The majority of present day integrated circuits (ICs) are implemented by using a plurality of interconnected field effect transistors (FETs), also called metal oxide semiconductor field effect transistors (MOSFETs or MOS transistors). An MOS transistor includes a gate electrode as a control electrode that is formed on a semiconductor substrate and spaced-apart source and drain regions formed within the semiconductor substrate and between which a current can flow. A control voltage applied to the gate electrode controls the flow of current through a channel in the semiconductor substrate between the source and drain regions. The ICs are usually formed using both P-channel FETs (PMOS transistors) and N-channel FETs (NMOS transistors) and the IC is then referred to as a complementary MOS or CMOS integrated circuit (IC).
There is a continuing trend to incorporate more and more circuitry on a single IC chip. To incorporate the increasing amount of circuitry, the size of each individual device in the circuit and the size and spacing between device elements (the feature size) must decrease. The individual elements of the circuits, that is, MOS transistors and other passive and active circuit elements, must be interconnected by metal or other conductors to implement the desired circuit function. Some small resistance is associated with each contact between the conductor and the circuit element. As the feature size decreases, the contact resistance increases and becomes a greater and greater percentage of the total circuit resistance. As feature sizes decrease from 150 nanometer (nm) to 90 nm, then to 45 nm and below the contact resistance becomes more and more important. At feature sizes of 32 nm, the contact resistance likely will dominate chip performance unless some innovation changes the present trend.

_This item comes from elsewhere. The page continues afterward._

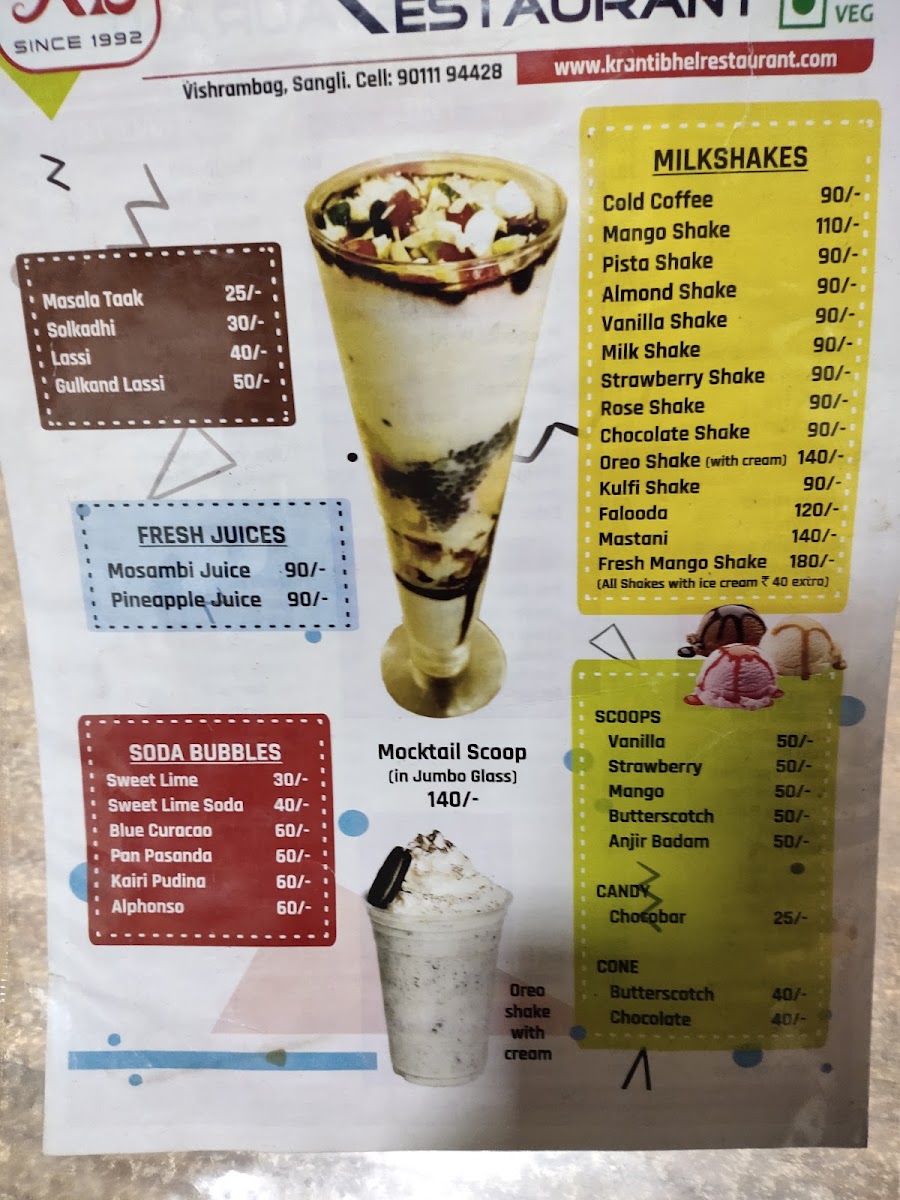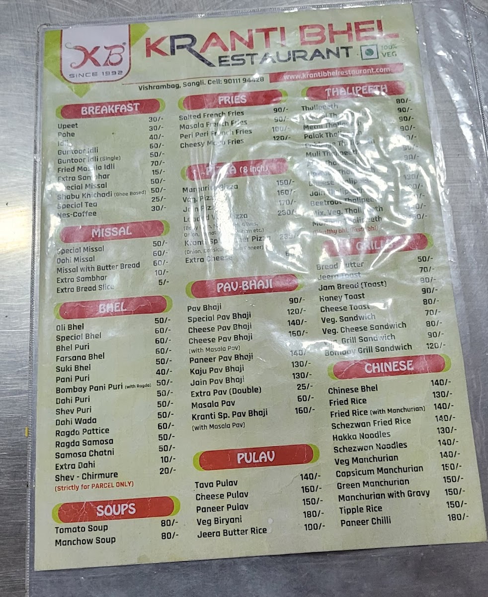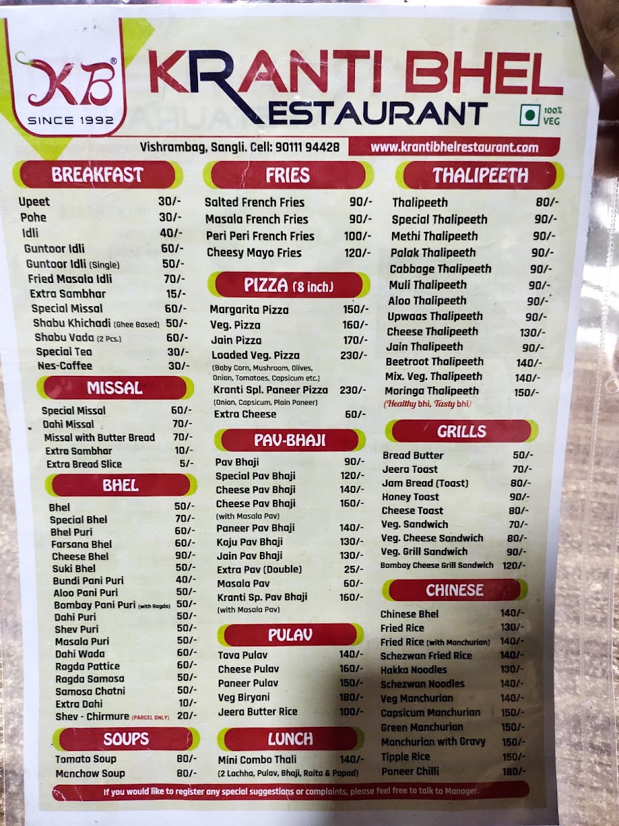 Customer reviews rave about the excellent taste and quick service, particularly highlighting the Chinese bhel and pav bhaji. Though it can get crowded during peak hours, the experience is generally rewarding, making it a must-visit for anyone in the Sangli-Miraj area. Whether you are diving into their enticing grills or enjoying a refreshing shake, Kranti Bhel Restaurant promises an unforgettable culinary journey.

One solution for lowering contact resistance is to fabricate CMOS integrated circuits utilizing dual silicides, that is, different silicides for contact to the PMOS transistor and for contact to the NMOS transistor. In this regard, metal suicides that will exhibit lower potential barrier heights with respect to the doped semiconductor substrate can be used. Lower potential barrier height between a silicide and the doped semiconductor substrate results in lower contact resistance, which in turn results in lower total external resistance of the CMOS, and hence improved device performance. However, conventional methods for fabricating a CMOS integrated circuit using dual silicides requires forming the higher temperature silicide first, followed by forming the low temperature silicide. Protecting some transistors (and other devices) from silicidation while siliciding other transistors significantly complicates the fabrication process and may cause generation of various defects.

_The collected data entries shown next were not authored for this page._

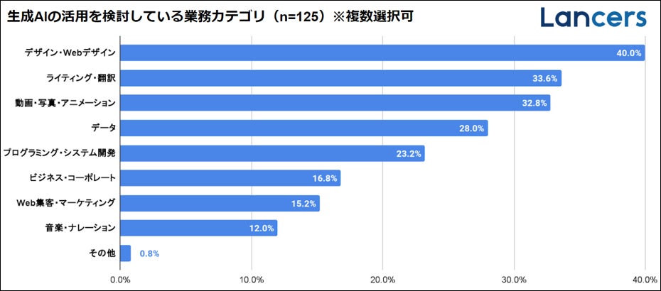生成AIを活用している業務カテゴリは「ライティング・翻訳」が他を大きく引き離してトップとなった。一方で、生成AIの活用を検討している業務カテゴリでは「デザイン・Webデザイン」がトップとなり、「動画・写真・アニメーション」も上位にランクインした。これにより、生成AIのクリエイティブ業務への活用意欲が高まっていることが明らかになった。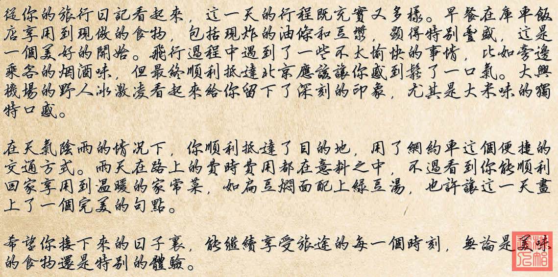 《晨光漫遊記》 晨光灑在庫車飯店的餐桌 現炸油條飄著故鄉的溫熱 豆漿碗裏映著啟程的雲朵 行囊裝滿西域清晨的承諾 鐵鳥掠過天山終年的積雪 三萬英尺翻閱時光的書頁 鄰座飄來隔夜的煙草氣息 在密閉空間裏寫漂泊筆記 大興機場的燈火接住黃昏 冰淇淋融化在疲憊的嘴唇 大米香氣裹著輕盈的乳酪 衝淡了旅人眉間的風塵 雨幕垂落華北平原的夜晚 計價器跳動歸心似箭 五十公裏變作數字的河流 穿過霓虹編織的京城畫卷 蕎麥麵在瓷碗裏升起雲霧 綠豆湯盛著三碗鄉愁 扁豆燜麵纏繞著家的溫度 在雨聲裏把風塵輕輕簽收 每個驛站都是臨時的句讀 每片雲朵都在說繼續遠遊 當行囊沾滿四時的晨露 才懂得漂泊是為了更好停留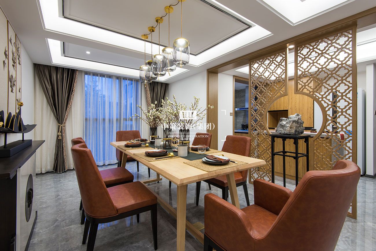 中式建筑注重结构的对称,来形成空间的美感,这些在本案空间中体现的恰如其分。以“山水、水墨”来贯穿整个空间,一山一石,一草一木,都在与人、与空间对话,禅意浓浓,心境清清。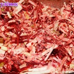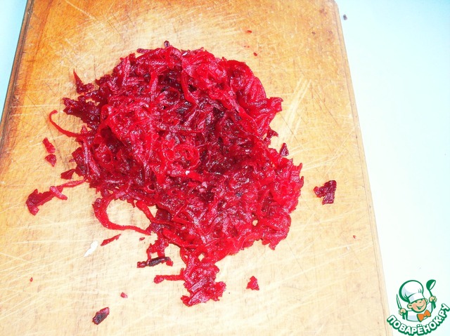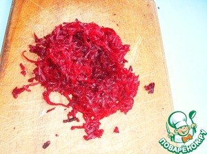 • Свеклу отварить, почистить и натереть на крупной терке.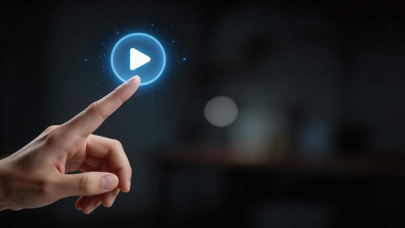 手指触碰发光蓝色播放按钮图标

Accordingly, it is desirable to provide improved methods for fabricating CMOS integrated circuits that utilize different metal silicides for PMOS and NMOS transistors. In addition, it is desirable to provide methods for fabricating low contact resistance CMOS integrated circuits that reduce processing steps. It also is desirable to provide methods for fabricating low contact resistance CMOS integrated circuits that reduce defect generation during silicidation. Furthermore, other desirable features and characteristics of the present invention will become apparent from the subsequent detailed description of the invention and the appended claims, taken in conjunction with the accompanying drawings and this background of the invention.